WORK ITEM
For the material below, reproduce exactly each line from the one that has "Pink rose quartz" through the one that has "在工作台进入企业邮箱应用,输入工作邮箱或常用邮箱账号及密码完成绑定。", and no others; pictures stay out.

SOURCE INFORMATION
════════════════

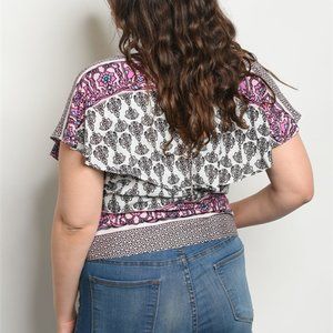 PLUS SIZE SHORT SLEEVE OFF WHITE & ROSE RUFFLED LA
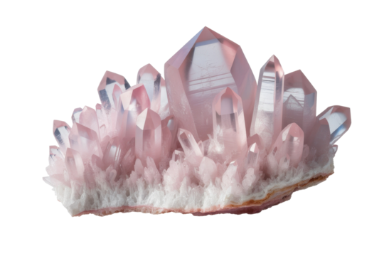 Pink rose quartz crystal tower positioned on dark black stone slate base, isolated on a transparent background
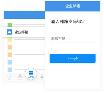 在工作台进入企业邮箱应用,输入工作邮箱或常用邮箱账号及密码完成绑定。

════════════════

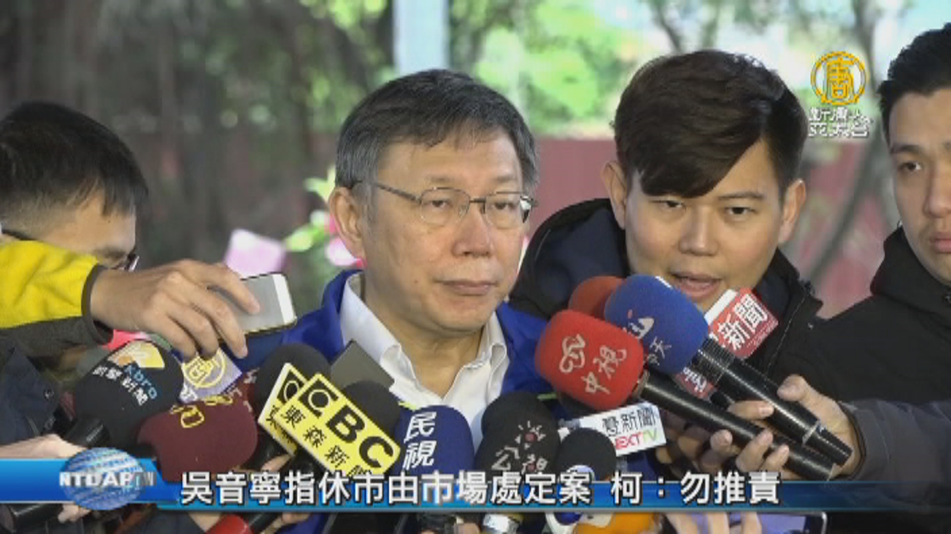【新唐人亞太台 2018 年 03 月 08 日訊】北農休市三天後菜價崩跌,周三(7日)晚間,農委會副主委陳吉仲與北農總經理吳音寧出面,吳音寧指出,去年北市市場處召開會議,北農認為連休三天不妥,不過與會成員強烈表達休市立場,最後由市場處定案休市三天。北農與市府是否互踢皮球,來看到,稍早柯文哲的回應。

════════════════

ANSWER TO THE PROBLEM
 Pink rose quartz crystal tower positioned on dark black stone slate base, isolated on a transparent background
 在工作台进入企业邮箱应用,输入工作邮箱或常用邮箱账号及密码完成绑定。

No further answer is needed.